Cruising Comments

We had a most enjoyable Golden Anniversary Chinese New Year Macau Race, sponsored by Solaris Yachts. You can read the full report on pages 40 & 41 of this issue of Fragrant Harbour.

Our next event will be the Midsummer Rally (29th of April to the 1st of May 2017). The route this year will be first to the Sokos, then Mui Wo and finally back to Po Toi, with races each day to keep you busy between the parties.

Unfortunately, we cannot hold our usual Summer Macau Race on the 27th and 28th of May as the marinas at both Fisherman’s wharf and Club Nautico will be closed for construction work. We will come up with an alternative plan for that weekend, so keep an eye on www.coahk.org.

On the 17th of June, we have a new event — the Commodores’ Summer Cup. This is a ‘collection race’, similar to our Christmas Cup. Three simultaneous races starting from Kellett, Aberdeen and Hebe Haven will converge at TCS2 east of Hong Kong, followed by a second leg up to HHYC for a Wine & Pasta party. It is timed to position yachts ready for the first HHYC Typhoon Series race on the 18th of June, so now you can race your boat to Hebe rather than deliver it! There will be guest berthing at HHYC for participating boats.

Check out the Cruising Calendar at www.coahk.org to see what’s going on around Hong Kong in 2017 and follow the Cruiser Owners’ Association on Facebook. If you’re interested in our events, why not become a member? You can download the form from our website.

My technical subject this month is VHF radio as I have just refurbished mine and can share some experiences. I have a fixed VHF with masthead aerial as this provides a longer range than a hand-held VHF. The reason is because, with VHF, you can only speak to boats in line of sight and you can see further from 50 feet up in the air.

While I never had any problems receiving transmissions, I started having trouble transmitting. So I bought myself a reasonably-priced iCom hand-held VHF from Storm Force Marine, to bridge the gap until I could sort it out. This led to an interesting conversation in the shop with Simon Boyde (Hong Kong’s radio guru) that the likely cause was the aerial, as a VHF can receive with as little as a screwdriver stuck in the aerial socket.

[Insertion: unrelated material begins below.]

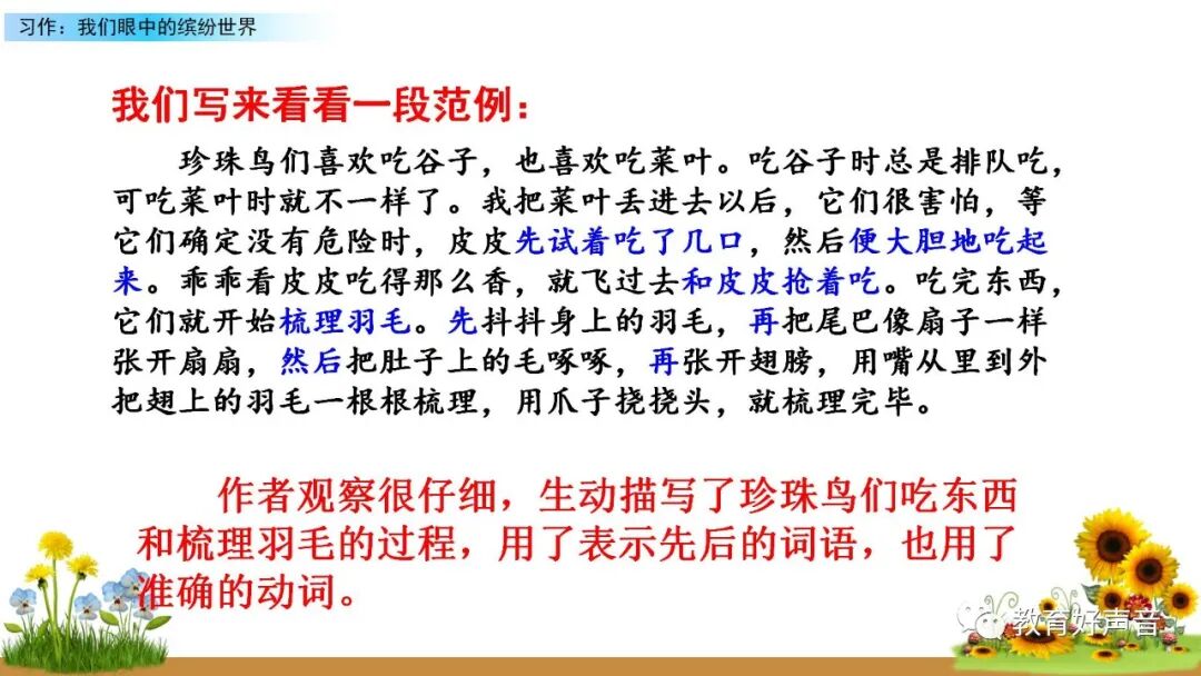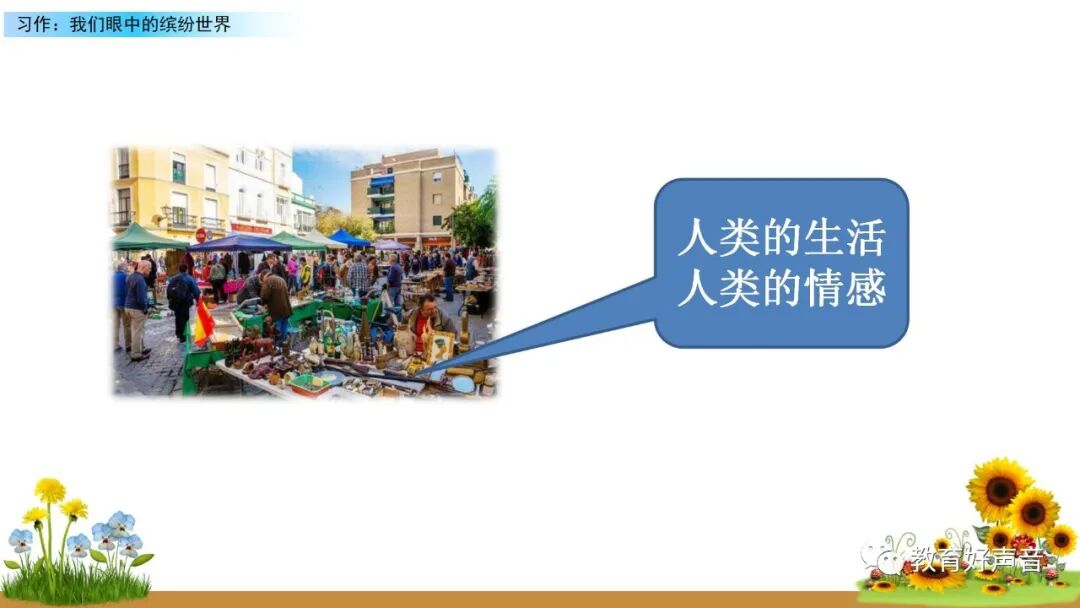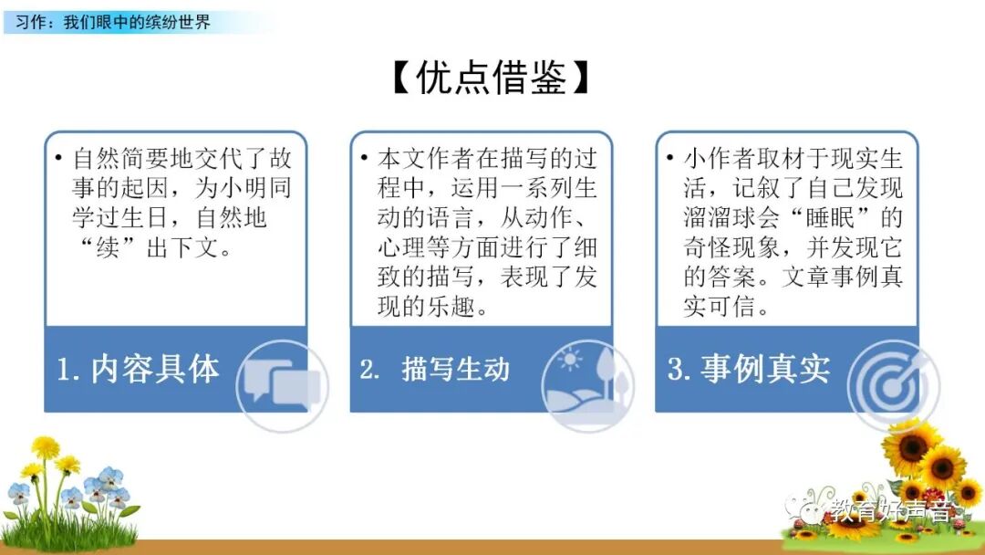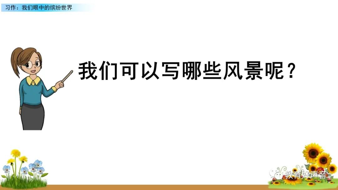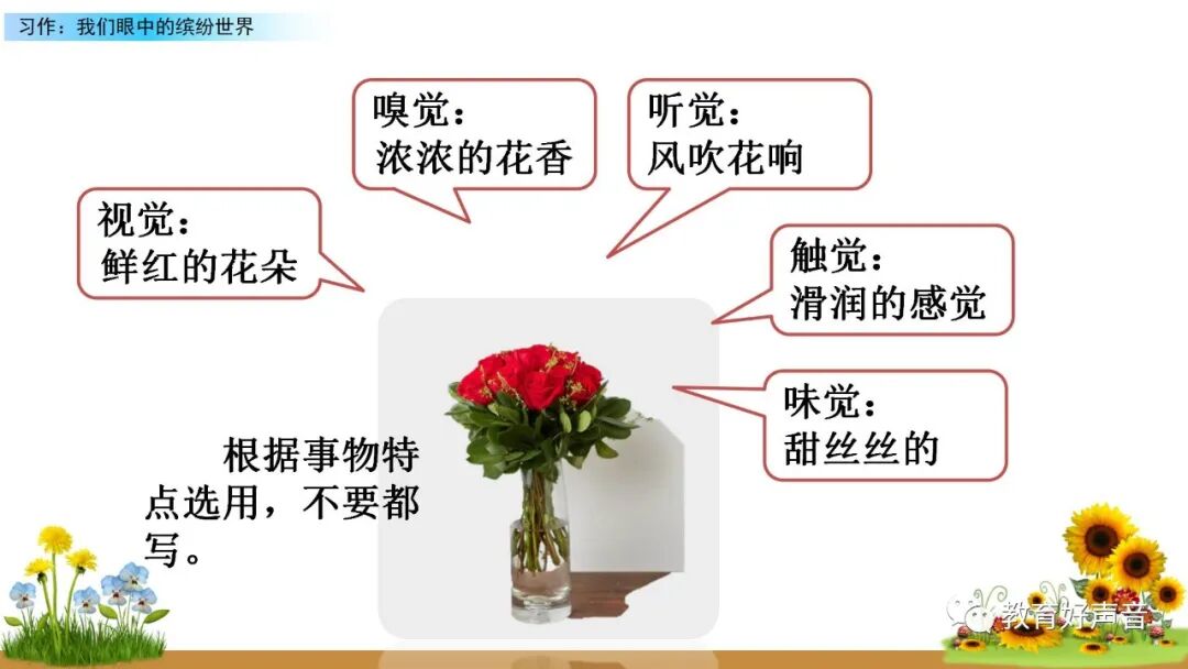 一、审题 本次习作要求我们留心观察周围的事物,选择观察时印象最深的一种事物或一处场景写下来。运用多种感官进行细致观察,突出事物或场景的典型特点。 二、选材与构思 生活中我们观察到的事物或场景有很多,如:上学路上的见闻、课间活动的场景、校园的美景……要想把眼中看到的缤纷世界描写出来,就要从中选择一个你印象最深的事物或场景来作为本次习作描写的对象,在习作的过程中要突出事物、人物、场景的典型特点。要想突出特点,选材时就要注意选择外形有特点、动作有特色、场景够独特的观察对象。如:写动物或人物,要注意观察外貌(外形)、动作、语言和神态,从而突出动物或人物的特点;写事物,要运用所学的观察方法进行观察,调动多种感官,写出事物的特点和变化;写场景,就要抓住场景的典型特点进行观察,注意把场景中的变化写具体,写清楚。
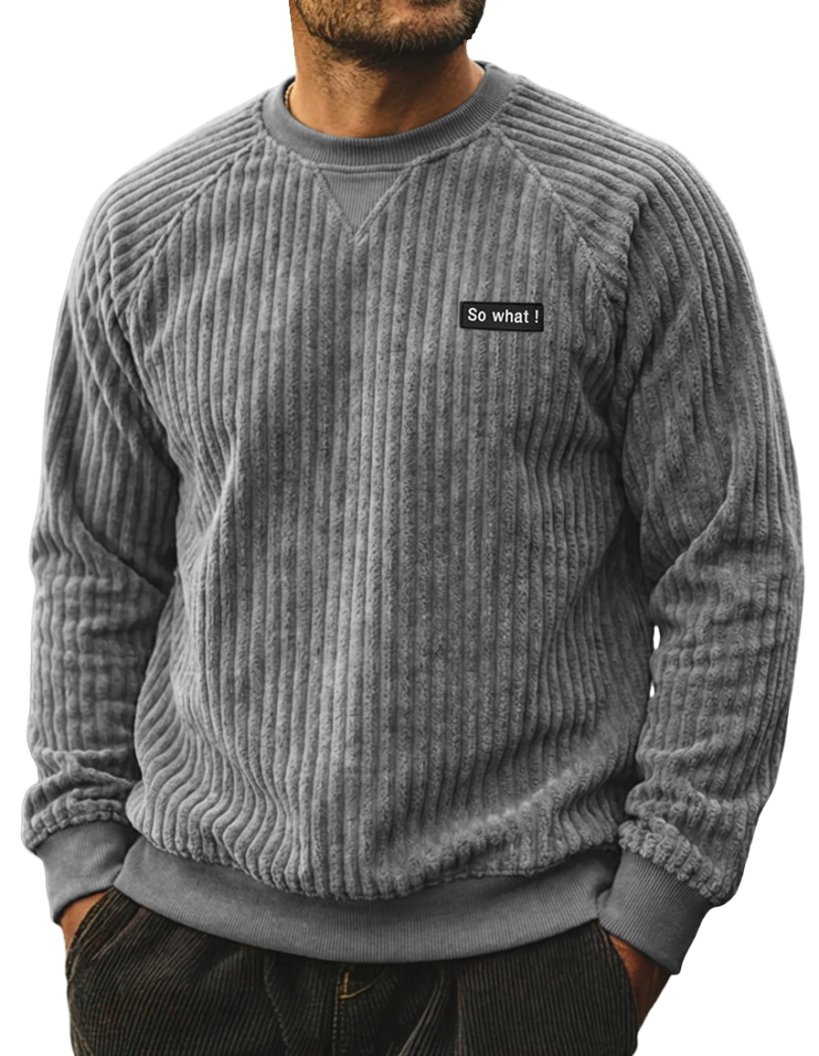 Men's Round-neck Corduroy Sweatshirt With Vertical Stripe Texture And Vintage Style

It’s not easy working on your aerial up the mast, so, as the rig was due for inspection, Andy from Dragon Marine helped me to un-step the mast and service it. Removing the aerial cable, we found that it was heavy duty low loss co-axial cable and still in good condition, so back in it went. The antenna looked good too, but the wire shield connections were all corroded.

The trick, I learned, is to tin and solder them to the plugs. I also replaced the spliced joint at the mast base with a pukka soldered UHF connector from Sham Shui Po. My VHF now works a treat.

With the mast down I could inspect all the wires, swages, pins, halyards and pulleys, replace the bulbs with LEDs and solder up all the wire connections for the navigation lights, too. I replaced a sun-degraded halyard, a couple of suspect rigging pins and the rig was cleaned, the paint retouched and reassembled with new split pins.

While it is a dramatic job, it was easier than expected and worth the effort. Suitably blessed by a big green lion, it will hopefully give me a few more years of reliable service.

Hope to see you at our events this summer, happy cruising.